Según un informe difundido el año pasado por el Gremio de Pasteleros de Barcelona, su consumo se ha multiplicad por diez en nuestro país desde 2014, habiendo pasado de ser un producto para gourmets viajados a un alimento de consumo popular. La panettone-manía tiene, por supuesto, sus pros y sus contras.
En el lado positivo de la balanza, que cada vez hay más profesionales españoles que preparan por estas fechas elaboraciones artesanales más o menos creativas pero siempre siguiendo la más estricta ortodoxia repostera (a partir de 20 € el kilo), destacando Oriol Balaguer, Moulin au Chocolat, Raúl Asencio, Casa Losito, L’Atelier, Tugues, Sabors, Rocambolesc, Vallflorida Xocolaters o el pionero Torreblanca. En el lado negativo, que la mayoría de los consumidores de a pie solo han probado los industriales (10 € el kilo), con miga tirando a pétrea y exceso de aditivos artificiales. Y eso ni es panettone ni es nada.
Para los gastrónomos que no se arriendan ante los desafíos, existe una tercera vía algo más difícil, pero altamente reconfortante, que es buscar en los ultramarinos patrios aquellos que traen de importación las elaboraciones artesanales de reposteros prestigiosos del país de la bota como Dolcemascolo, De Vivo Pompei, Loison, Vergani, Fiasconaro o ese que vende Negrini con marca propia pero que le manda un pastelero amigo en piezas contadas.
Últimamente, algún colega indocumentado me ha alabado la calidad del panettone Dolce & Gabbana con miel y canela (49 € la lata de un kilo) y no le voy a contradecir porque en estos temas fashionistas prefiero evitar el debate. Como el vodka de Roberto Cavalli (37,90 e la botella), me inclino por valorar tan celebradas marcas de lujo italiana por sus prendas de vestir y complementos.

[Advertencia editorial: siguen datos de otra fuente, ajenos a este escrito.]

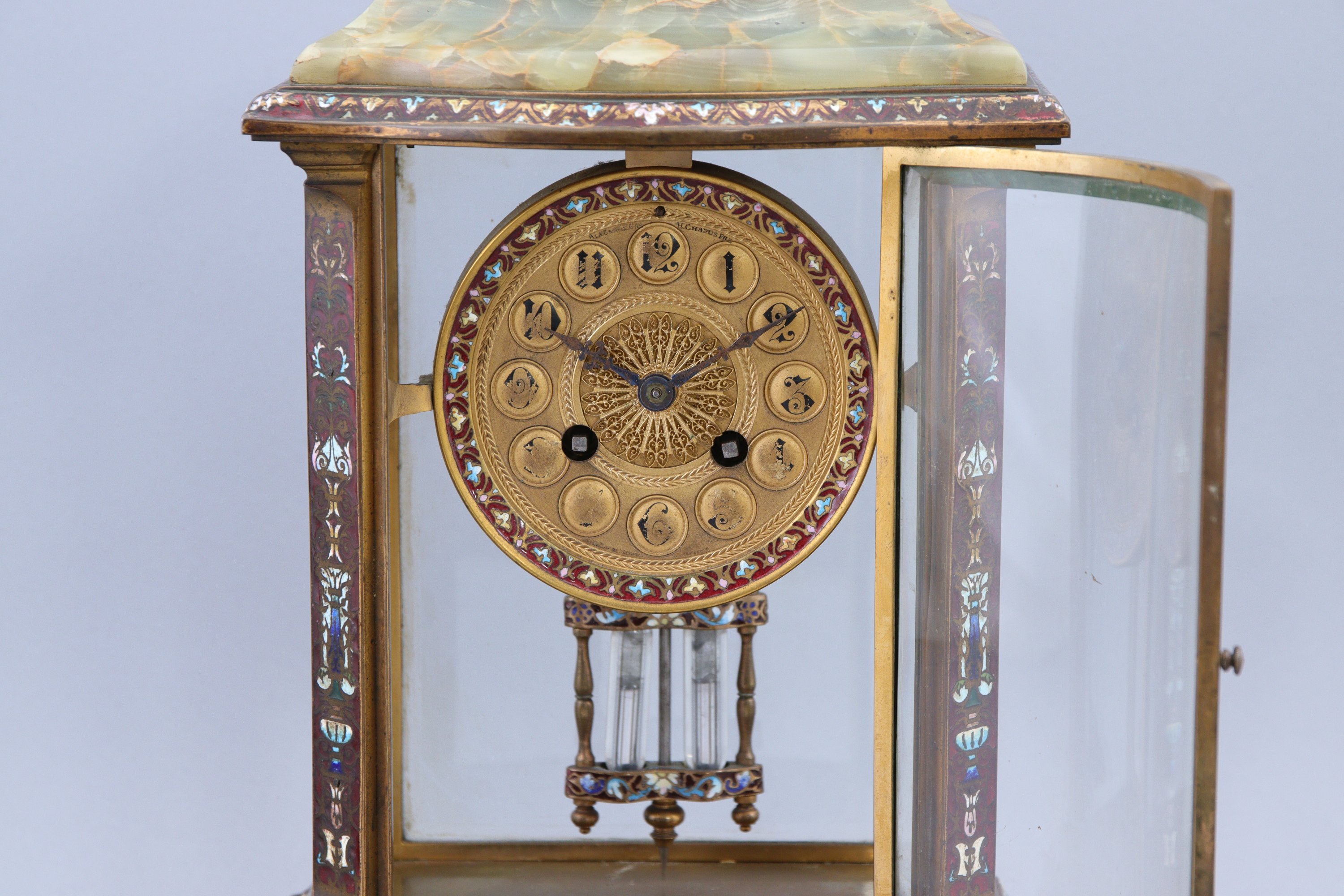 - La pendule de forme cage à la façade mouvementée présente une doucine en partie supérieure. Le cadran signé "Chapus" indique les heures en chiffres arabes. Les montants en forme de pilastres stylisés à décor de rinceaux. Quatre pieds patins. Suspension Brocot avec balancier au mercure. La platine signée "A la gerbe d'or / A.Chapus / Paris / Rue de Rivoli 86". Numérotée "2448".

Y, entre tanto frenesí por esos panettones gomosos insoportablemente cargados de vainillina o agua de azar, me aferro a mis adorados polvorones de San Enrique a la espera del preceptivo roscón con chocolate a la taza de la Epifanía, que uno en estas cuestiones de la despensa navideña –pero solo en estas– se declara conservador e incluso nacionalista.